I need reading slaves!

The (lesbian) unagi didn't kill me. And it was pretty tasty (undead love). Hurrah for cheap (were-horse smut) sushi!

After a particularly nasty fight with the suck monkey and a pep talk with the lovely and virtuous [livejournal.com profile] katallen, I broke down and posted the 1st chapter of Dreams to the OWW again. I know most people wanted to read the draft all at once, but I'd really like some feedback on the middle chapters before the monkey drives me to ritual suicide. If you hate reading segments on the 'shop, ignore it and wait for the draft. I will love you either way.

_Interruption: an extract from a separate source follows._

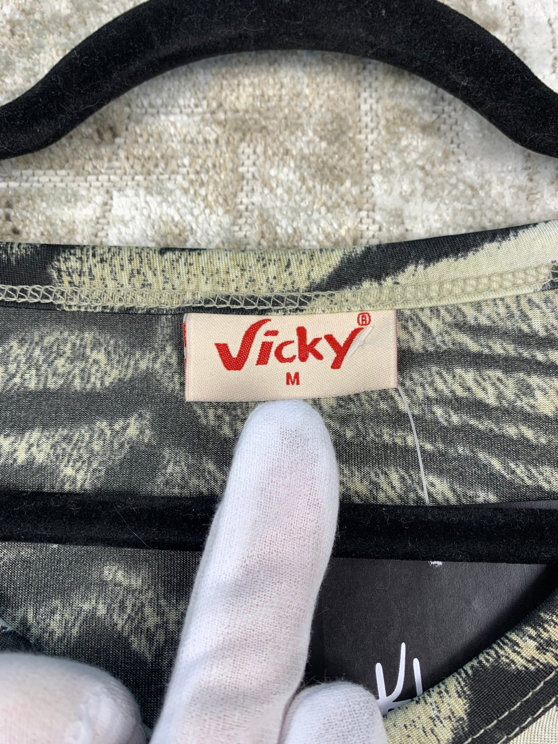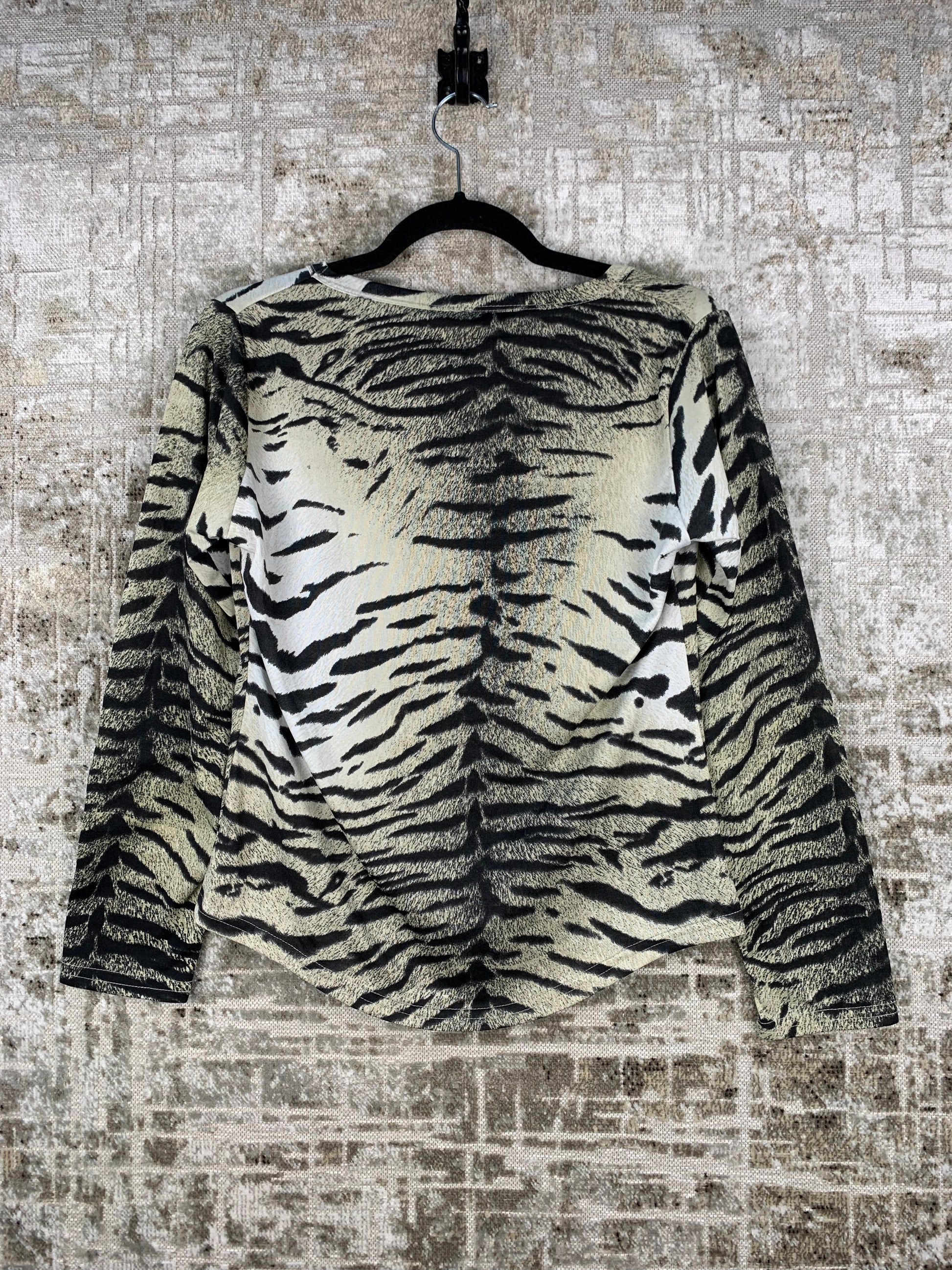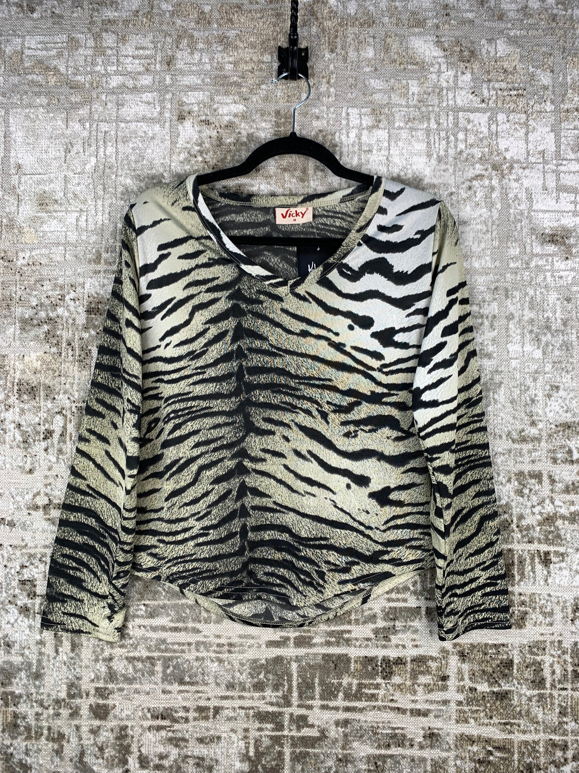 Womens Y2K Vicky Zebra Print Long Sleeve Top Animal Print Stretch Shirt Vintage 2000s Fitted Casual Streetwear Trendy Size M

How does one acquire reading slaves, anyway? Do I need ferrets?

Progress tonight:
I rewrote roughly 1500 words, but the total word count didn't change by much.

Excercise: weights
Stimulants/comfort food: cookies & cream ice cream
Mammalian assistance: the boy is in SA, and the cats are banned from the bedroom

Starfish continues to rock like a rocking (cold fish sex) thing.
stillsostrange: (Default)
2004-11-09 02:34 pm

Book Report

Starfish, by Peter Watts

Oh the Shiny, oh the good.

I cannot remember the last time I read a book and never once felt the urge to grab a red pen. Never once thought that's clunky. Never once wanted to underline or mark through or generally destroy at least one sentence. This Golden Age of reading fell before I started workshopping, critting, writing and rewriting and picking through everything I read like a vulture (or a lit student, but is there really a difference?).

I'm not sure I've ever seen prose as clean as Watts'. Nothing wasted, no scaffolding, nothing cluttering up the flow of words, sentences, story. But the economy loses nothing of description or characterization. I hear metal groan under atmospheres of pressure, feel the cold and the heat, the weight and buoyancy of the water. I feel that chemical rush when a light cuts through the dark and you see teeth. The characters make me hurt in all the right places.

So, um, yeah--I like it lots. A report on Maelstrom will hopefully follow soon.